Reproduce the records below exactly, but only between the lines holding "Kaunis käsintehty sulatettu" and "11月14日,洈水集团党委委", inclusive.

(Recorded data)
════════════════════

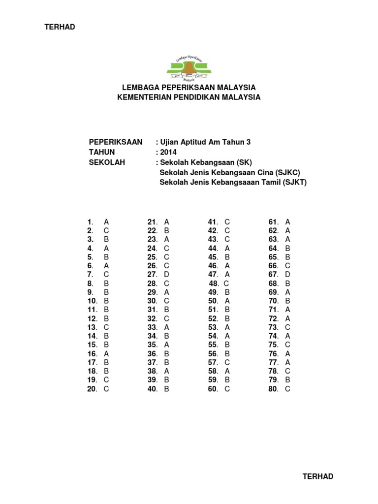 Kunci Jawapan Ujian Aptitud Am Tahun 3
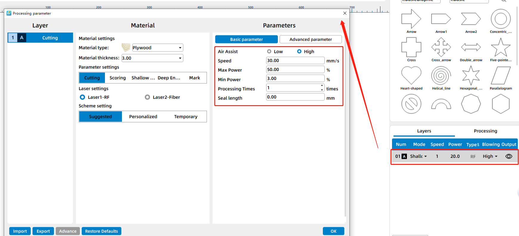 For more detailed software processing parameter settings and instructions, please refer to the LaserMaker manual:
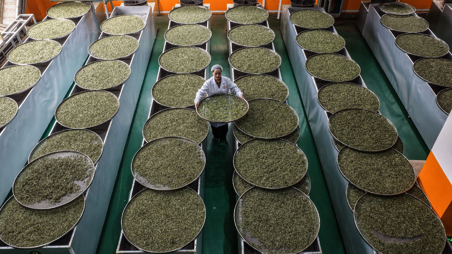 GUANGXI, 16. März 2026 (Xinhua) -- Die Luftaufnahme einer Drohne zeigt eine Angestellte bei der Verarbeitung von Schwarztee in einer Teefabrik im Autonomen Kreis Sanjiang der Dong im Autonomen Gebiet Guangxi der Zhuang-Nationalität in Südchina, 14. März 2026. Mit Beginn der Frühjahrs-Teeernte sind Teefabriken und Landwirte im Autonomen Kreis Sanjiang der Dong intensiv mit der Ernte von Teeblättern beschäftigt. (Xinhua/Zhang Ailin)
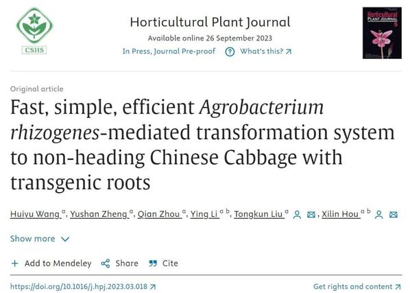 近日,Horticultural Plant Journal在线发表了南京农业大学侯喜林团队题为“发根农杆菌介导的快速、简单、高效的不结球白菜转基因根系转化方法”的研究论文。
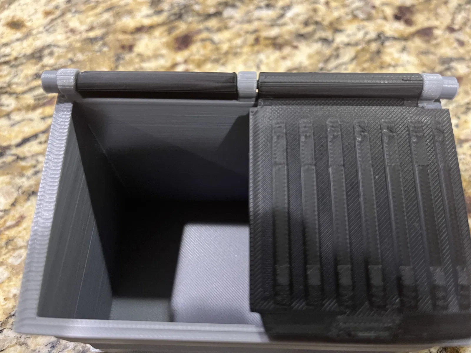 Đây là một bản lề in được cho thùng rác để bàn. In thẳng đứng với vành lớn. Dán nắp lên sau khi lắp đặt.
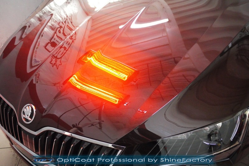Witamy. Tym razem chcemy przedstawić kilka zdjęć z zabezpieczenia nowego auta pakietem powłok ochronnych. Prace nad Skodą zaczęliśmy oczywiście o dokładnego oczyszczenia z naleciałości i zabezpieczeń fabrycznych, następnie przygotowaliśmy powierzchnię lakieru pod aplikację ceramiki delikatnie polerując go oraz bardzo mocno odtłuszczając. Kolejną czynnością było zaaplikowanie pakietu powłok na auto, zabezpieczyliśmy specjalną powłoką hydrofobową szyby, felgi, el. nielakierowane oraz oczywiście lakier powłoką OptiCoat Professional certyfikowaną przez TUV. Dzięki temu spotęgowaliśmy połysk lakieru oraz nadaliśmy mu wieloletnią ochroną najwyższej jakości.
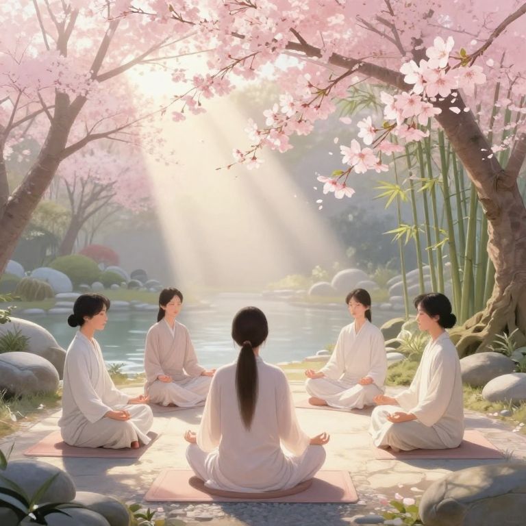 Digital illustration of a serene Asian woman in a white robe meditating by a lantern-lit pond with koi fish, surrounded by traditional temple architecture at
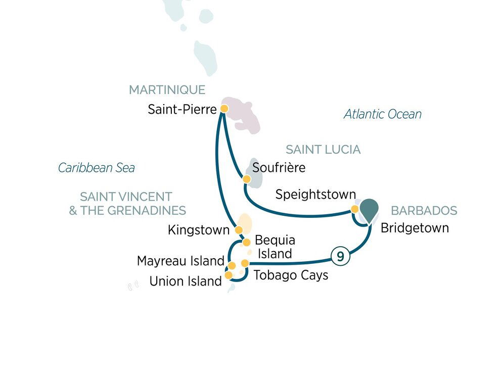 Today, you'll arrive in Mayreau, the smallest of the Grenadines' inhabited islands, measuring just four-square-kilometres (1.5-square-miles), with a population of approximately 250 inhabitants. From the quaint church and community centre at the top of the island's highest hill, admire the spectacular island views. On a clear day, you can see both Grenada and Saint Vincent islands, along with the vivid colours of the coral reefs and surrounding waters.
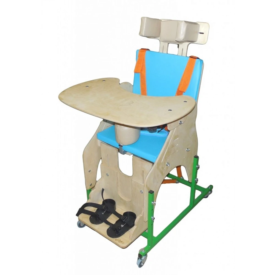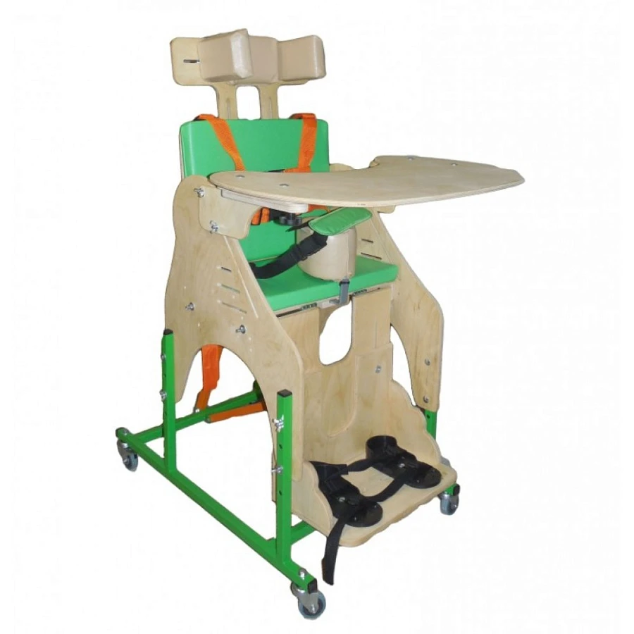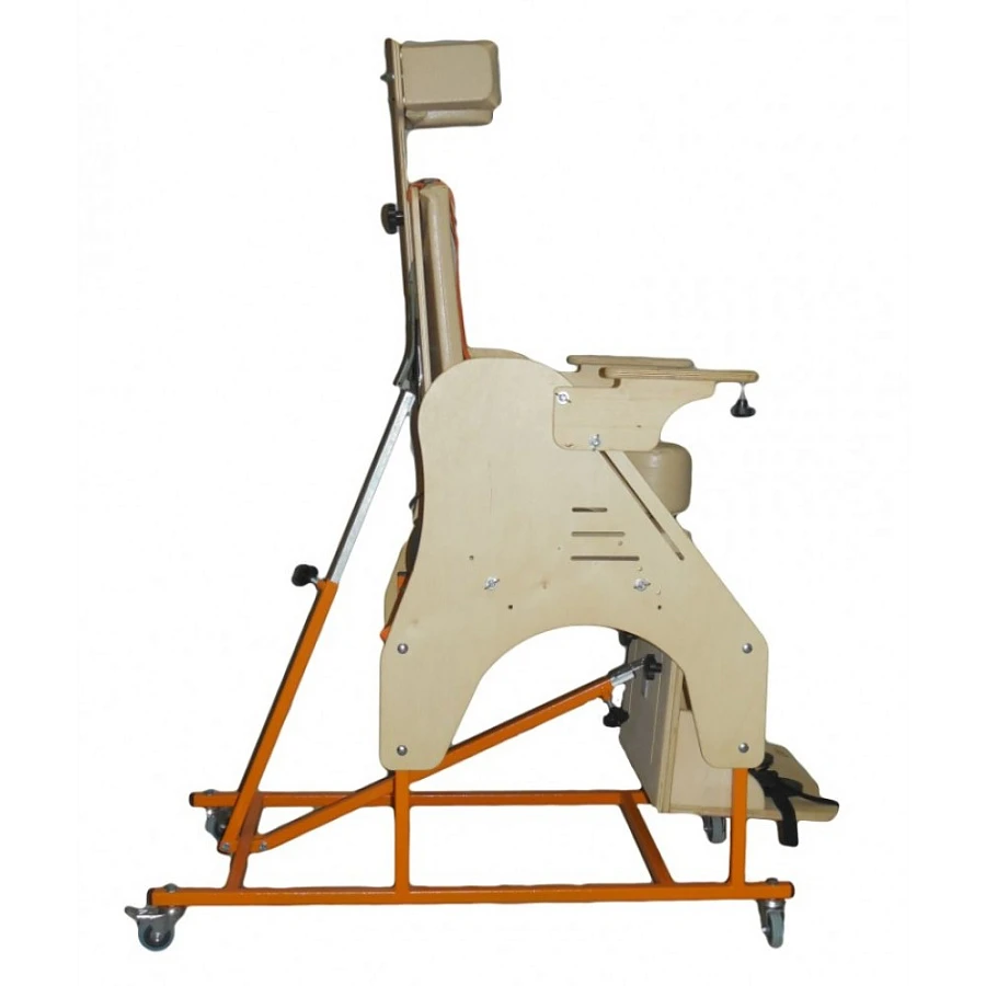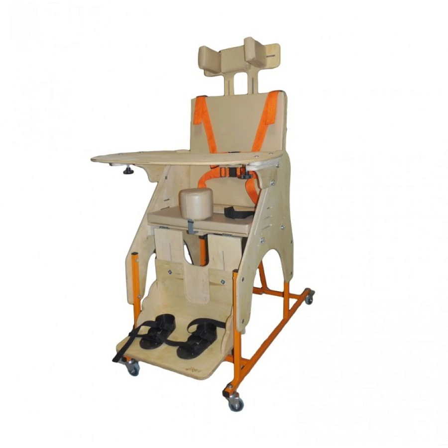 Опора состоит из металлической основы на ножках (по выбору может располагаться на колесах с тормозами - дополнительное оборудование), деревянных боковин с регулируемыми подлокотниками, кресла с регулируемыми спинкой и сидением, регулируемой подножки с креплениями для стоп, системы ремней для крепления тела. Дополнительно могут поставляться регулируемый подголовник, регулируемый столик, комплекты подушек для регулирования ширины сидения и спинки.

════════════════════

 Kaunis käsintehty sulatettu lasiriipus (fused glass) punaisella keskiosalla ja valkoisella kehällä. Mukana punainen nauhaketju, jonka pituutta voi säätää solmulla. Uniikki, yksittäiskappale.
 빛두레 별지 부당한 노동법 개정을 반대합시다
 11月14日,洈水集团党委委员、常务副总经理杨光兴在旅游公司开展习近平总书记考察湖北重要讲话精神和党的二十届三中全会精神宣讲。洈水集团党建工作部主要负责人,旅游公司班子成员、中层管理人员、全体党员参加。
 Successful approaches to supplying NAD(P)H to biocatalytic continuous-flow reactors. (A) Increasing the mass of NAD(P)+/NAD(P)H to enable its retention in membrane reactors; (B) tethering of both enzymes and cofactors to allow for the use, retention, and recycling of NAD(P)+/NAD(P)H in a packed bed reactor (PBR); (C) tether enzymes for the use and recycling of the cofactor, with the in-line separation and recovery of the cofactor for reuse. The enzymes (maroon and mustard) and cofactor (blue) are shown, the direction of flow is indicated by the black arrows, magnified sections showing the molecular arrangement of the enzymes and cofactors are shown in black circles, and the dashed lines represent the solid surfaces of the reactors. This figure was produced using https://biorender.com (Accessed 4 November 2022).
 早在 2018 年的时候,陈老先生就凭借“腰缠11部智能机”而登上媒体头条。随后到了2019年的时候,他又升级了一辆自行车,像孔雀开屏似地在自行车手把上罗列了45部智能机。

════════════════════

**Result for this task:**
 Kaunis käsintehty sulatettu lasiriipus (fused glass) punaisella keskiosalla ja valkoisella kehällä. Mukana punainen nauhaketju, jonka pituutta voi säätää solmulla. Uniikki, yksittäiskappale.
 빛두레 별지 부당한 노동법 개정을 반대합시다
 11月14日,洈水集团党委委员、常务副总经理杨光兴在旅游公司开展习近平总书记考察湖北重要讲话精神和党的二十届三中全会精神宣讲。洈水集团党建工作部主要负责人,旅游公司班子成员、中层管理人员、全体党员参加。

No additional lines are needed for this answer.